Seperti diketahui, Hanky dibekuk Mabes Polri setelah Mabes Polri menangkap Awe di Jl Taman Anggrek Jakarta pada 27 April 2006 dengan 39.000 butir ekstasi. Awe mengaku, dipasok Hanky yang beralamat di Jalan Kombes M Duriyat 4 Surabaya melalui Suwarno (warga Lengkong, Nganjuk, Jatim). Kemudian polisi menelusuri dan akhirnya diketahui asal barang haram itu dari rumah prokdusi di Graha Family blok M-35, Surabaya. Bisnis itu dijalankan Hanky bersama Lingsodirejo (warga Villa Valencia B-7/28 Surabaya) dan Brian (ahli kimia asal Inggris yang hingga kini masih buron).
[Cara Memproduksi]
Ketua majelis hakim I Made Tjakra menyatakan, produksi ekstasi itu diawali dengan memesan berbagai peralatan yang dibutuhkan ke bengkel Subekti Suharto. Barang yang dipesan, antara lain, water distiller, pipa condensate, dan jeriken stainless steel. Itu dilakukan pada 1999 dan 2000. "Barang-barang tersebut lantas digunakan untuk memproses bahan kimia yang hasilnya berupa pil ekstasi," kata Tjakra.
Proses produksinya terjadi pada akhir Februari-Maret 2006 sebanyak empat kali berturut-turut. Hangky bersama Lingso Direjo (buron) dan Suwarno (terdakwa di berkas terpisah) mendatangi rumah di Jalan Golf Family Barat Blok M. 35, Surabaya. Cara memproduksinya adalah menuangkan cairan bahan kimia ke tabung pemanas listrik yang tersambung ke tabung penyulingan ({water distiller}).
Setelah mendidih, bahan itu didiamkan beberapa saat dan selanjutnya dialirkan ke ember stainless steel untuk didinginkan. Hasil proses kimiawi tersebut lantas dicampur acetone dengan cara diaduk. Formula tersebut disuling lagi hingga meninggalkan bekas seperti lumpur berwarna kuning. "Adonan itulah yang dicetak menjadi ekstasi," jelas Tjakra.

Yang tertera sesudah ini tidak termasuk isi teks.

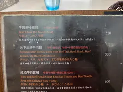係日本周圍搵拉麵食,今次嚟台灣,決心要搵一碗最好食既牛肉麵,結果喜出望外!網上介紹一乍台北既靚靚牛肉麵,但我只有時間試一間,我呢一票就投咗俾有車胎認証星星既天下三絕。 佢開係類似旺角彌敦道既忠孝東路三段一條細街入面,位置唔起眼,由大街望唔到。  冇食早餐,12點左右去到,已經要等位。我冇訂位,等咗大約20分鐘。 佢餐牌好駕勢😅 連wine pairing都有🍷麵到之前,先嚟一小碟酸菜,仲有兩樣法寶,辣椒油同牛油,唔係搽麵包個D Butter,係牛既油,擺耐咗會「擎」既。 辣油唔太辣,係「味覺提升功能」級別。 麵有三個選擇,我揀咗闊闊地既家常麵,夠傳統。 份量尚算夠,麵質幾煙韌😋👍 我就點咗碗530蚊既大晒冷 - 天下三絕牛肉麵。 我從未食過咁貴既牛肉麵🤑,如果係街坊級麵店食到兩碗加杯野飲! 牛肉除咗膽拖既牛𦟌、腱心、牛筋之外,仲有重未見過既牛尾! 講返舊牛尾,真係從未食過連皮既牛尾,塊皮仲好淋好滑,應該講話未試過食到任何連皮既牛肉😅。 失望之處就係,四樣野都只得每樣一舊,但係價錢係遂樣野加上去,所以食淨腱心或者半筋半肉會抵D,見人地唔係得一舊😒! 肉反而唔係最欣賞之處,叫做夠淋、入味囉, 味道唔係好有特色。個湯先至係重點! 平時食牛肉麵,兩大流派係紅燒同清燉,不過呢個湯介乎兩者之間,清香得嚟濃郁,唔會好似段純貞咁好似飲豉油😝 拉麵喪加豬油係慣例,今次呢個牛油先係Magic! 一加落去,成個牛香濃味去咗另一個層次😨 功效明顯過豬油既清香,咁玩法真係未試過! 食到半路,仲問我加唔加湯? 😅呢樣又係未試過! 老虎蟹都加啦🥰 佢仲加到滿一滿👍 如果日本食拉麵有得加湯就好囉! 最後我好似食拉麵咁,飲清D湯以示捧場👏😋👍估唔到牛肉麵可以有如此體驗! 原來台灣人可以將牛肉麵呢D國民美食玩到咁高層次👏😎,真係唔見香港會將雲吞麵、魚蛋粉做得咁高尚。 呢頭講呢頭散... 平心而論,你又願意俾120蚊(港幣)去食碗雲吞麵咩? 送多杯玉冰燒俾你好唔好? 天下三絕每位顧客, 食到半路都會免費贈飲呢一小杯凍飲, 唔係高粱酒🤣 係蘋果醋嚟既, 唔會好酸, 更加唔甜, 幾好飲, 有助去油解膩。紙巾提供: 有廁所狀況: 無去過溫飽指數: ***回味指數: ****翻兜指數: ***查看更多

Setelah menjadi ekstasi, Hangky menyuruh Suwarno membawa barang haram itu ke Jakarta. Hangky menjual pil setan itu kepada Liem Marita dan Christian Salim alias Awe. Transaksi pertama 24 ribu butir, kedua seribu butir, ketiga 24 ribu butir, dan keempat 39 ribu butir.
Pembayaran transaksi tersebut dilakukan dengan cara mentransfer dari rekening Joy Kusuma (orang suruhan Liem dan Awe) ke rekening terdakwa. Itu dibuktikan dengan adanya pembayaran pada 20 Januari 2006 sebesar Rp 500 juta.
Tidak hanya itu, pada hari yang sama, Joy Kusuma mentransfer uang Rp 110 juta. Padahal, Hangky tidak memiliki pekerjaan yang mampu menghasilkan uang sebanyak itu dalam sekejap. "Bahkan, perusahaan yang dimilikinya tidak beroperasi sejak 2005 hingga sekarang," lanjutnya. Uang yang masuk ke rekeningnya dibagikan kepada Lingso Direjo (Rp 50 juta) dan Suwarno (Rp 7,5 juta).